Prostate cancer study casts doubts over intermittent dosing approach
Intermittent androgen deprivation in prostate cancer may not be as effective as continuous therapy, according to the authors of an international trial published in the New England Journal of Medicine (2013;368:1314). This contrasts with a trial published last year suggesting similar efficacy for the two treatment approaches (PJ 2012,289:284).
In the latest study, intermittent and continuous androgen deprivation therapies were compared in men with metastatic, hormone-sensitive prostate cancer (n=1,535) to determine whether intermittent therapy is non-inferior in terms of survival. Treatment in the intermittent therapy group was based on prostate specific antigen levels.

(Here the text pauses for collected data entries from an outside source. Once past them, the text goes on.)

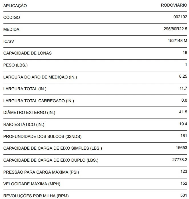 • Maior recapabilidade - mesma tecnologia empregadas nos pneus Firestone.
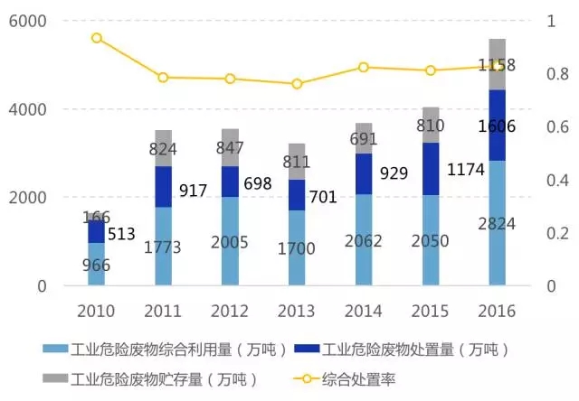 在環(huán)保監(jiān)管力度增強,各省均推出省級督查方案背景下,危廢處置剛需再次提升,尤其是要求進入規(guī)范渠道處置的量增加。但市場情況是,實際產(chǎn)生量遠大于統(tǒng)計量(披露16年5347萬噸,預(yù)計實際8000萬噸),低綜合利用處置率(83%),低有效利用率(25%),導(dǎo)致整體危廢的處置供不應(yīng)求。
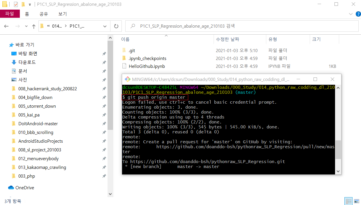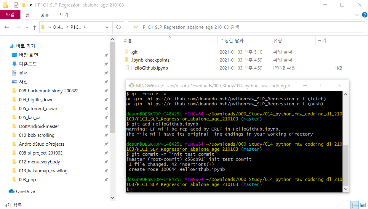 009.Git-bash 실습해보기 (push, pull, merge)
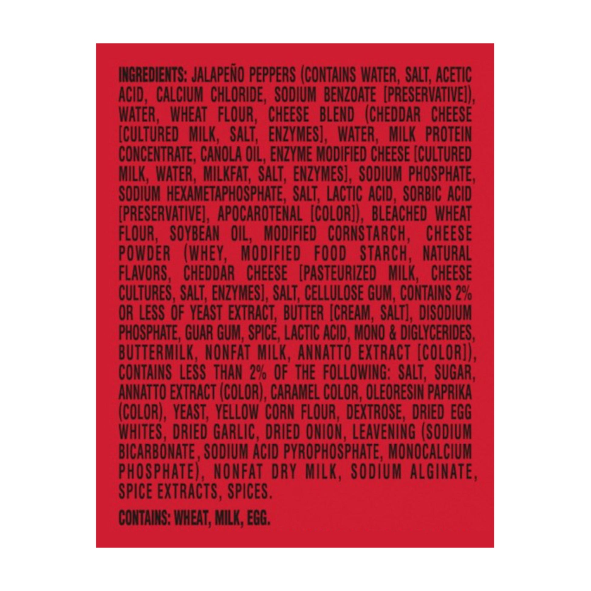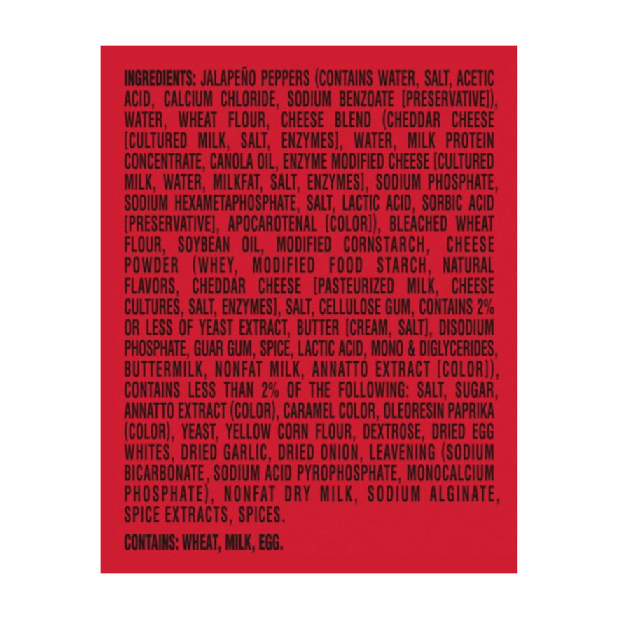 One 32 oz box of TGI Fridays Frozen Appetizers Cheddar Cheese Stuffed Jalapeno Poppers, containing about 12 servings

Median survival was 5.8 years with continuous therapy and 5.1 years with intermittent therapy (hazard ratio for death with intermittent therapy 1.10; 90% confidence interval 0.99 to 1.23). The results are statistically inconclusive, but suggest that intermittent therapy may compromise survival, the authors say. Intermittent therapy was associated with better erectile function and mental health at three months than continuous therapy, but this difference between the groups was not sustained.
Discussing why the results differ from those reported last year, the authors note that the previous trial was in patients with non-metastatic disease. They also suggest the follow-up period might have been too short in the previous study.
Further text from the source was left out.